The innkeeper nodded. His expression was so easy and amiable it almost wasn’t an expression at all. “I expect you’re right,” Kote said. His voice was perfectly calm. It was a perfectly normal voice. It was colorless and clear as window glass.
Old Cob opened his mouth, but before he could say anything else Bast rapped one knuckle hard on the bar. “Drinks?” he asked the men sitting at the bar. “I’m guessing you’d all like a little something before we bring you out a bite to eat.”

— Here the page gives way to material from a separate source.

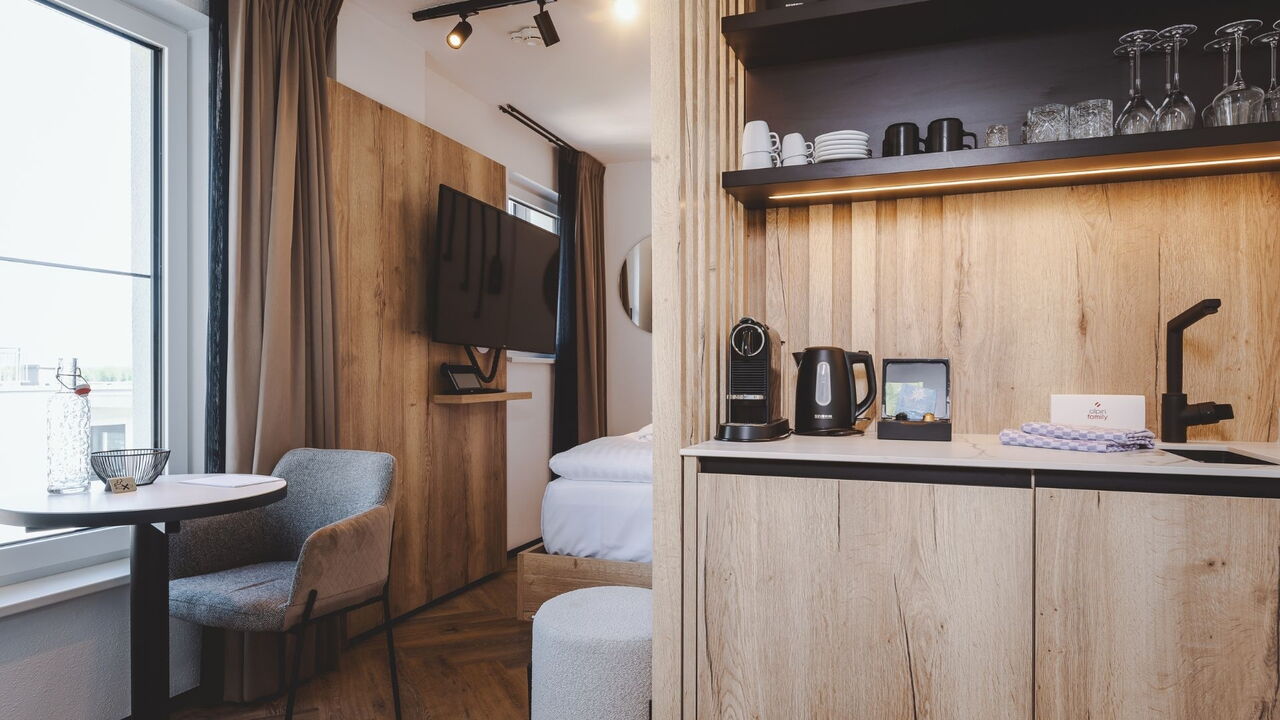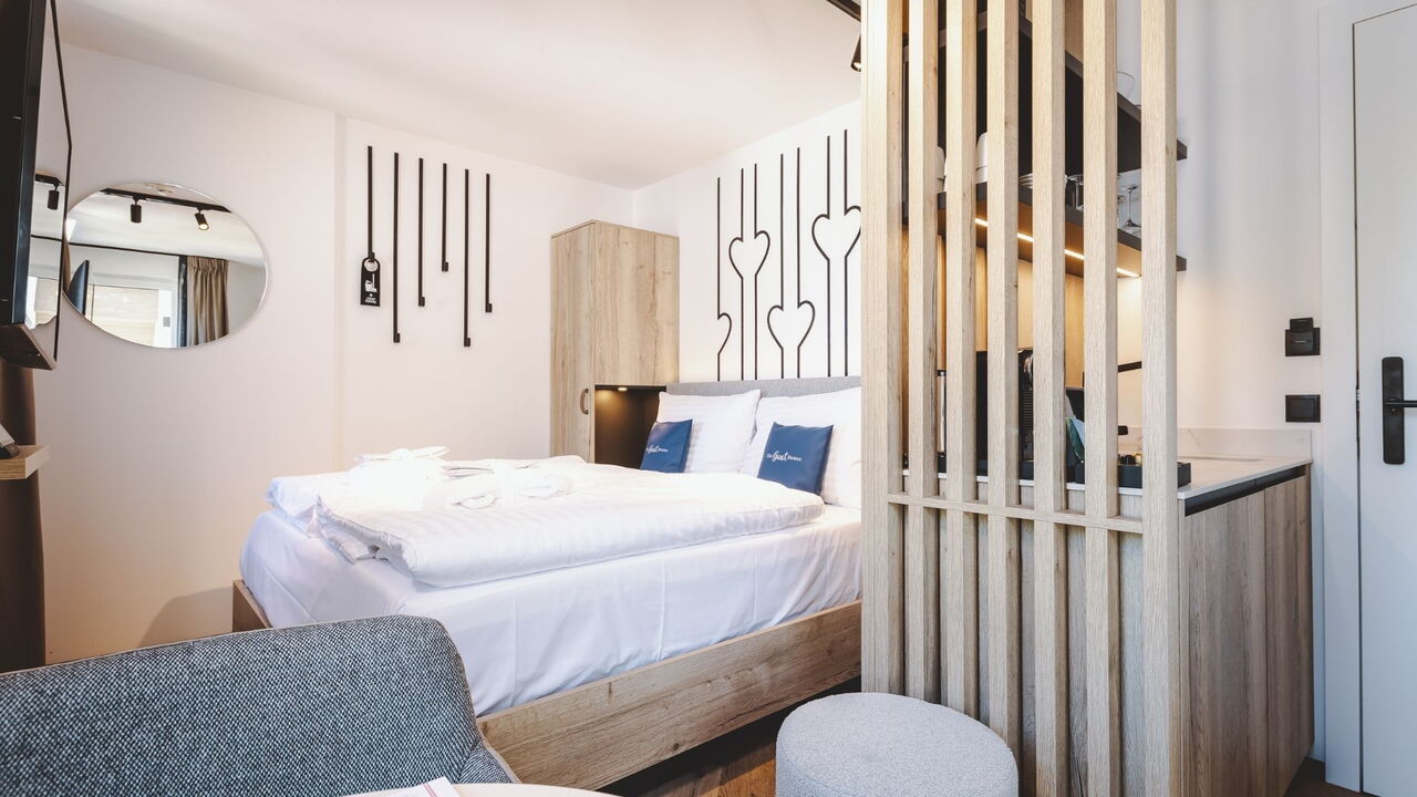 Classic Double Room har en komfortabel dobbeltseng. Ud over et badeværelse med bruser har værelset et tekøkken med bestik og service, en elkedel, en kaffemaskine, et køleskab og en balkon.

They did, and Bast bustled around behind the bar, pulling beer into mugs and pressing them into waiting hands. After a slow moment, the innkeeper swung silently into motion alongside his assistant, heading into the kitchen to fetch soup. And bread with butter. And cheese. And apples.
CHAPTER FORTY-SEVEN
Interlude—The Hempen Verse
Chronicler smiled as he made his way to the bar. “That’s a solid hour’s work,” he said proudly as he took a seat. “I don’t suppose there’s anything left in the kitchen for me?”
“Or any of that pie Eli mentioned?” Jake asked hopefully.
“I want pie too,” Bast said, sitting next to Jake, nursing a drink of his own.
The innkeeper smiled, wiping his hands on his apron. “I think I might have remembered to set one by, just in case you three came in later than the rest.”
Old Cob rubbed his hands together. “Can’t remember last time I had warm apple pie,” he said.
The innkeeper went back into the kitchen. He pulled the pie from the oven, sliced it, and laid the pieces neatly onto plates. By the time he carried them out toward the taproom he could hear raised voices in the other room.
“It was too a demon, Jake,” Old Cob was saying angrily. “I told you last night, and I’ll tell you again a hundred times. I’m not a one to change my mind like other folk change their socks.” He held up a finger. “He called up a demon and it bit this fellow and sucked out his juice like a plum. I heard it from a fella who knew a woman that seen it herself. That’s why the constable and the deputies came and hauled him off. Meddling with dark forces is against the law over in Amary.”
“I still say folk just thought it was a demon,” Jake persisted. “You know how folk are.”